*Your assignment:*
Give back the records that follow exactly, images excluded.

Collected data:

··········

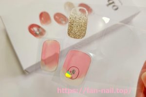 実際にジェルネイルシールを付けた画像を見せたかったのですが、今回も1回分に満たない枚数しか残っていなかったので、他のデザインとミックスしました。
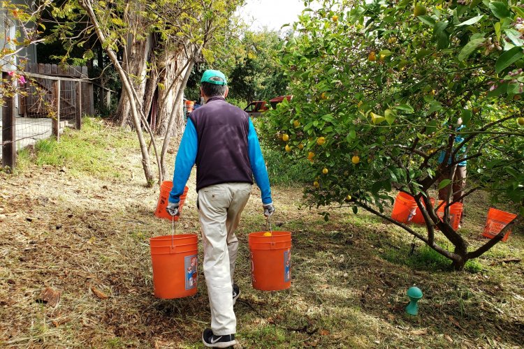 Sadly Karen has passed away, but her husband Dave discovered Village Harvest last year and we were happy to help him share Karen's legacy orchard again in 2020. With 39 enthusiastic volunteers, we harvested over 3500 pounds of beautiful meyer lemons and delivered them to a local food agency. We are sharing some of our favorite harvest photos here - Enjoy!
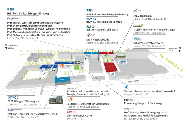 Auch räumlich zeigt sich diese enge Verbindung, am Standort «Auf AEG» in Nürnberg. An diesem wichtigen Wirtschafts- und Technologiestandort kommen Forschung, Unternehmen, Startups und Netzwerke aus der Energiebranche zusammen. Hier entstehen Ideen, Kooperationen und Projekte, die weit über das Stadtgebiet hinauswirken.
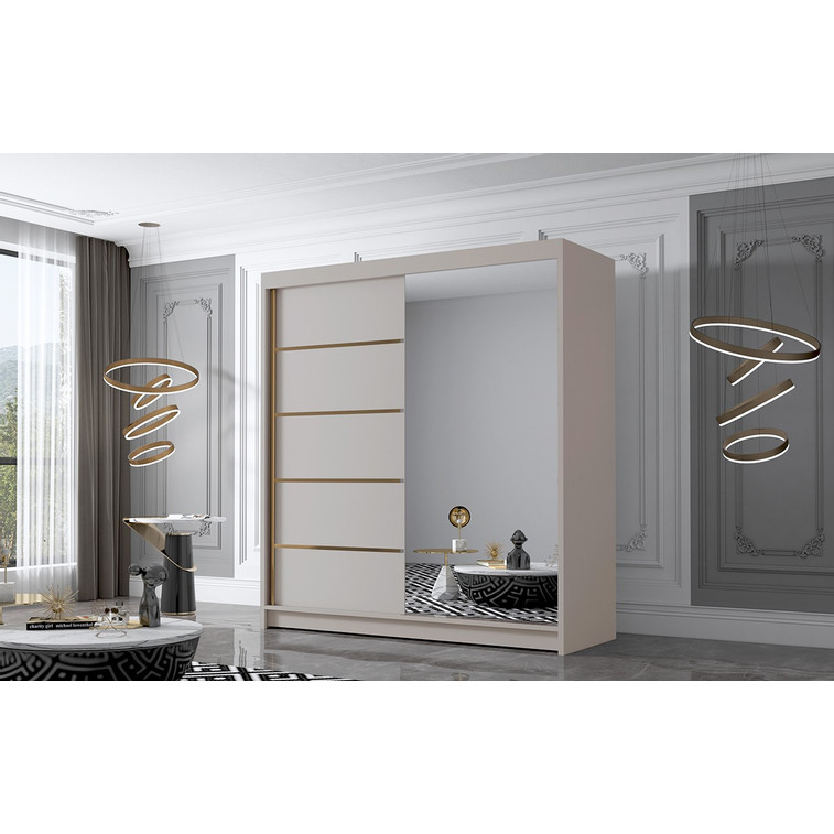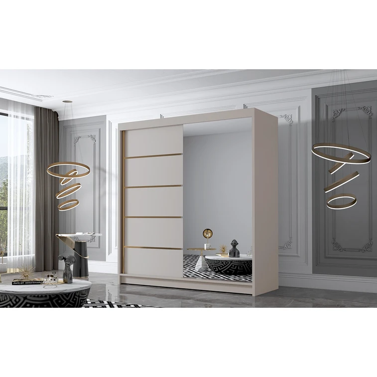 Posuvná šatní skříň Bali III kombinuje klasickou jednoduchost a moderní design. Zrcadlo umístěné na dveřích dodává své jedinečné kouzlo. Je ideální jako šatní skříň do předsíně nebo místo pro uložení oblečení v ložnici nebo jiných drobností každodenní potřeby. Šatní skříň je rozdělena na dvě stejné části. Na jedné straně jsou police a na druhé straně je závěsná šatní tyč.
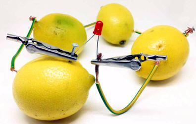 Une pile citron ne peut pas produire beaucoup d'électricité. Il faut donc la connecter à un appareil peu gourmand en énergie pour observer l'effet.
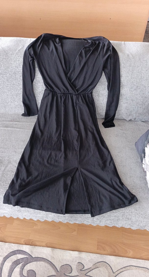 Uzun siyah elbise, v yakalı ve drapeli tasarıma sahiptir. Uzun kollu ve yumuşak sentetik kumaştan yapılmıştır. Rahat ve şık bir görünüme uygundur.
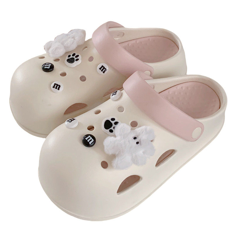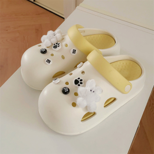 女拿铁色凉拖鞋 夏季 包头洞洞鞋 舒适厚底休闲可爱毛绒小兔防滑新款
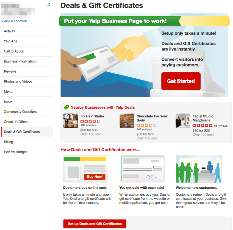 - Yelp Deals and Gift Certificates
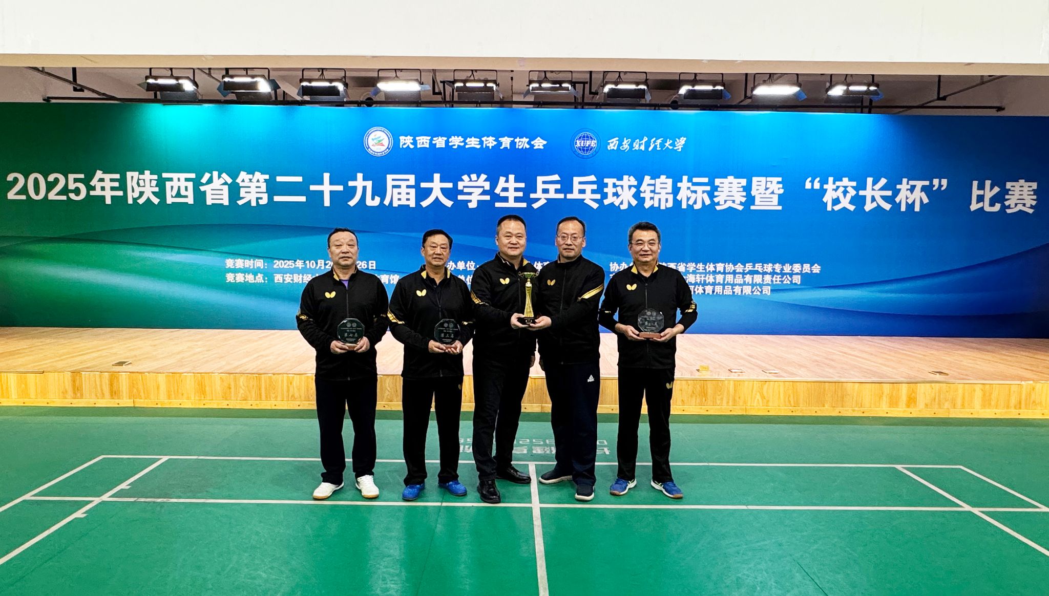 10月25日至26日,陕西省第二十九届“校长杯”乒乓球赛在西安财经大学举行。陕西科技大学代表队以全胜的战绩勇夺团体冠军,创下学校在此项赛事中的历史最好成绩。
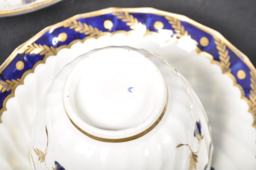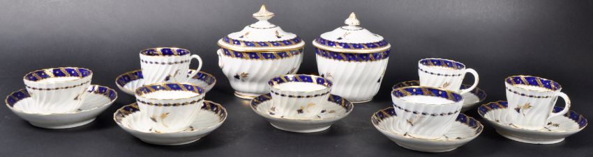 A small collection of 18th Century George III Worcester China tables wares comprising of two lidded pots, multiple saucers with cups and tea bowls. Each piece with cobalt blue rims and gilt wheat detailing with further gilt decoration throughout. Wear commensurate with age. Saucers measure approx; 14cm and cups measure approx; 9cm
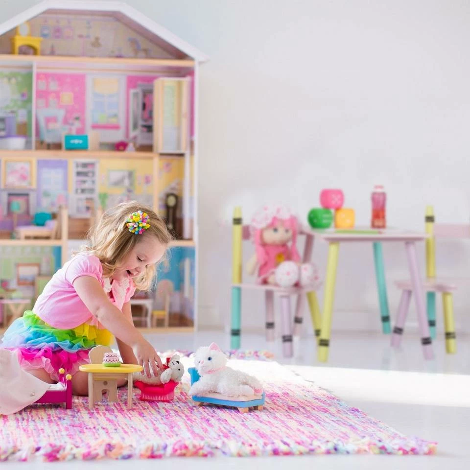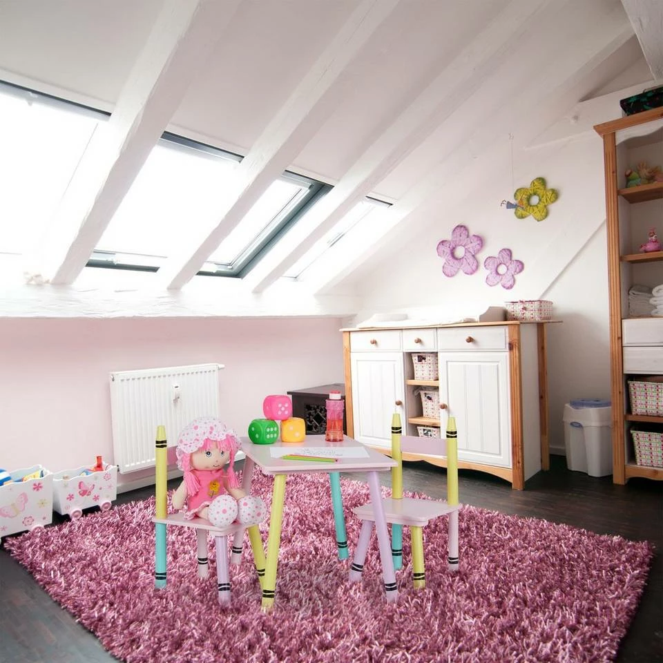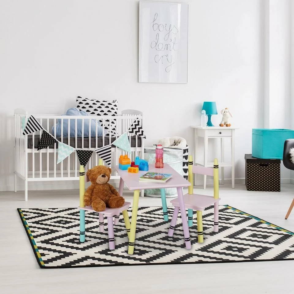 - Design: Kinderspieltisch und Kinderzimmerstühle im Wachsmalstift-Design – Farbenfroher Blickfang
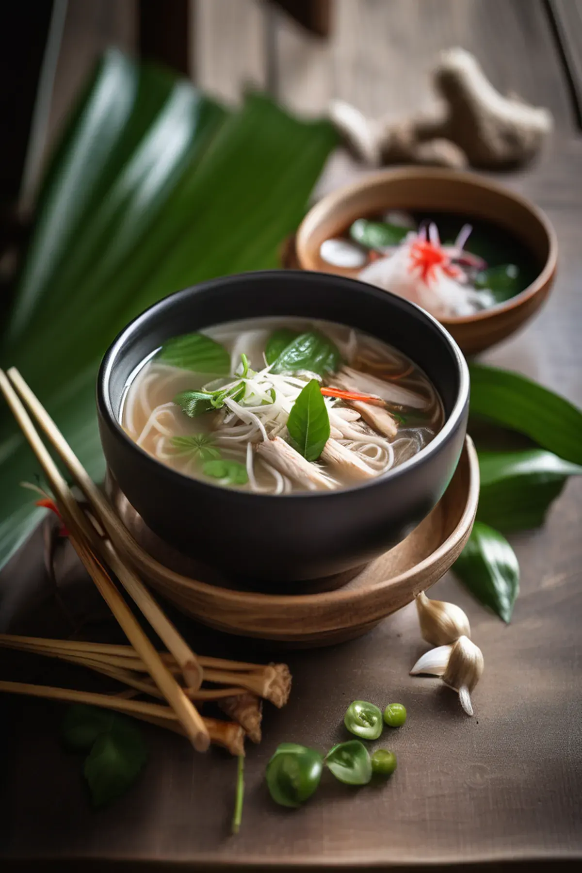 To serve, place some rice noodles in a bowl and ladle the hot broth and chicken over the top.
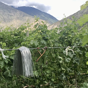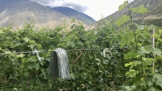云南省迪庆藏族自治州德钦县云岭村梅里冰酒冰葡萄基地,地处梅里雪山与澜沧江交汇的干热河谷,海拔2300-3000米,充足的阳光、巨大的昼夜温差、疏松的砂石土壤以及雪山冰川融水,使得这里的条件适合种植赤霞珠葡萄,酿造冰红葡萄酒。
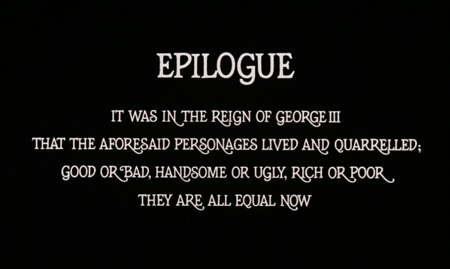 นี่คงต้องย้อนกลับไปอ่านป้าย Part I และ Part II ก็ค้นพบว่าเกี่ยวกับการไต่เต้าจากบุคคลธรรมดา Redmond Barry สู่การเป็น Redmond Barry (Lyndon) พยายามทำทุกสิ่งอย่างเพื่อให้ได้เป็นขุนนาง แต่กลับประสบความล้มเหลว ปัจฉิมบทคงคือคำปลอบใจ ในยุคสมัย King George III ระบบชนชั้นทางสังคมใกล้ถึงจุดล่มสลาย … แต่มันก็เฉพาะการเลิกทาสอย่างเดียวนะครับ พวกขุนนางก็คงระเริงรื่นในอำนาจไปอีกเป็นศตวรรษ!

··········

*Expected output:*
 実際にジェルネイルシールを付けた画像を見せたかったのですが、今回も1回分に満たない枚数しか残っていなかったので、他のデザインとミックスしました。
 Sadly Karen has passed away, but her husband Dave discovered Village Harvest last year and we were happy to help him share Karen's legacy orchard again in 2020. With 39 enthusiastic volunteers, we harvested over 3500 pounds of beautiful meyer lemons and delivered them to a local food agency. We are sharing some of our favorite harvest photos here - Enjoy!
 Auch räumlich zeigt sich diese enge Verbindung, am Standort «Auf AEG» in Nürnberg. An diesem wichtigen Wirtschafts- und Technologiestandort kommen Forschung, Unternehmen, Startups und Netzwerke aus der Energiebranche zusammen. Hier entstehen Ideen, Kooperationen und Projekte, die weit über das Stadtgebiet hinauswirken.
 Posuvná šatní skříň Bali III kombinuje klasickou jednoduchost a moderní design. Zrcadlo umístěné na dveřích dodává své jedinečné kouzlo. Je ideální jako šatní skříň do předsíně nebo místo pro uložení oblečení v ložnici nebo jiných drobností každodenní potřeby. Šatní skříň je rozdělena na dvě stejné části. Na jedné straně jsou police a na druhé straně je závěsná šatní tyč.
 Une pile citron ne peut pas produire beaucoup d'électricité. Il faut donc la connecter à un appareil peu gourmand en énergie pour observer l'effet.
 Uzun siyah elbise, v yakalı ve drapeli tasarıma sahiptir. Uzun kollu ve yumuşak sentetik kumaştan yapılmıştır. Rahat ve şık bir görünüme uygundur.
 女拿铁色凉拖鞋 夏季 包头洞洞鞋 舒适厚底休闲可爱毛绒小兔防滑新款
 - Yelp Deals and Gift Certificates
 10月25日至26日,陕西省第二十九届“校长杯”乒乓球赛在西安财经大学举行。陕西科技大学代表队以全胜的战绩勇夺团体冠军,创下学校在此项赛事中的历史最好成绩。
 A small collection of 18th Century George III Worcester China tables wares comprising of two lidded pots, multiple saucers with cups and tea bowls. Each piece with cobalt blue rims and gilt wheat detailing with further gilt decoration throughout. Wear commensurate with age. Saucers measure approx; 14cm and cups measure approx; 9cm
 - Design: Kinderspieltisch und Kinderzimmerstühle im Wachsmalstift-Design – Farbenfroher Blickfang
 To serve, place some rice noodles in a bowl and ladle the hot broth and chicken over the top.
云南省迪庆藏族自治州德钦县云岭村梅里冰酒冰葡萄基地,地处梅里雪山与澜沧江交汇的干热河谷,海拔2300-3000米,充足的阳光、巨大的昼夜温差、疏松的砂石土壤以及雪山冰川融水,使得这里的条件适合种植赤霞珠葡萄,酿造冰红葡萄酒。
 นี่คงต้องย้อนกลับไปอ่านป้าย Part I และ Part II ก็ค้นพบว่าเกี่ยวกับการไต่เต้าจากบุคคลธรรมดา Redmond Barry สู่การเป็น Redmond Barry (Lyndon) พยายามทำทุกสิ่งอย่างเพื่อให้ได้เป็นขุนนาง แต่กลับประสบความล้มเหลว ปัจฉิมบทคงคือคำปลอบใจ ในยุคสมัย King George III ระบบชนชั้นทางสังคมใกล้ถึงจุดล่มสลาย … แต่มันก็เฉพาะการเลิกทาสอย่างเดียวนะครับ พวกขุนนางก็คงระเริงรื่นในอำนาจไปอีกเป็นศตวรรษ!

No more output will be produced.